7 ways to handle a workplace romance
An office romance doesn’t have to be “love in a hopeless place” like in the pop hit “We Found Love” by Rhianna, but it can be risky, according to Anastasia Metros, PhD, area chair of higher education for the University of Phoenix School of Advanced Studies.
Since your career and employment could be affected by having a relationship with a co-worker, she offers these seven tips for how to proceed with caution before you act on your attraction:
1. Ask yourself the big question.
Metros suggests starting off by asking yourself, “How important is my job, and how important is this romance?” since you could lose your job if the romance causes problems in the office.
“Too many people run into an office romance without considering the positive and potentially negative ramifications,” says Metros, a career and employment expert.
2. Consider telling your boss.
It won’t be an easy conversation, but Metros believes you should be open with your supervisor about starting a romance with a co-worker.
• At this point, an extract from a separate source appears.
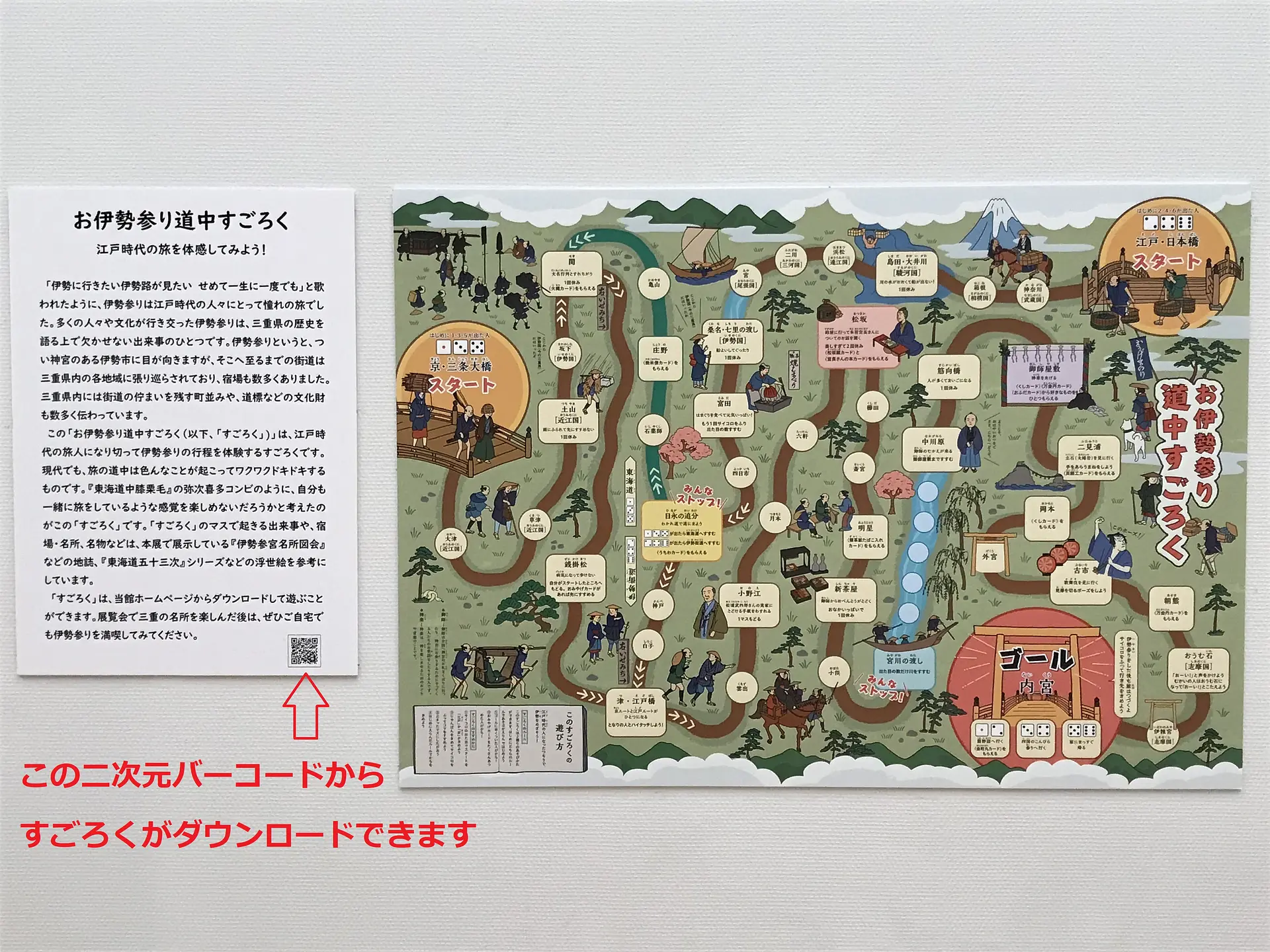 今日見てきたばかりの名所やお伊勢参りの行程がそのまますごろくになっていて、大人も子どもも一緒に楽しめそうな内容になっています。展示を思い出しながらご自宅でも遊んでみてください。展示室のパネルの二次元バーコードからもダウンロードできるMieMuのホームページにアクセスできるそうです。

Your boss, or someone in human resources, could also lay out the company policy on relationships in the workplace for you if you have any questions.
“In this instance,” she explains, “it’s really not better to start the romance first and then beg forgiveness later.”
3. Don’t date out of your pay grade.
The most important rule of workplace dating? Don’t date the boss. And if you’re a supervisor, don’t date someone who reports to you, Metros warns. Those relationships could lead to jealousy and conflict with co-workers who could suspect your raises or promotions are a direct result of your romantic relationship with the boss.
Your objectivity will be questioned if you’re a supervisor involved with a member of your staff, she says, and dating someone you supervise is a conflict of interest.
4. Make it a private affair.
There shouldn’t be any signs at work that the two of you are in a romantic relationship, Metros says.
“To maintain professionalism,” she adds, “people shouldn’t know that you’re dating or a couple in any way, shape or form.”
5. Don’t let the romance interfere with work.
“You should conduct a romance on your own time and not on company time,” says Metros, who advises not sending love notes or planning weekend getaways from your work email accounts.
6. Don’t be physically affectionate at work.
Public displays of affection have no place in the office, so keep your hands off each other when you’re working. The risk? Someone could complain that the two of you kissing in the cafeteria makes others uncomfortable, Metros says.
7. Be prepared to handle a breakup.
If the relationship doesn’t work out, be sure to treat each other with respect and professionalism — especially since co-workers could be watching for your reaction, and you don’t want to damage your reputation.
“People who knew you were together,” Metros says, “will be scrutinizing everything you do when a breakup occurs.”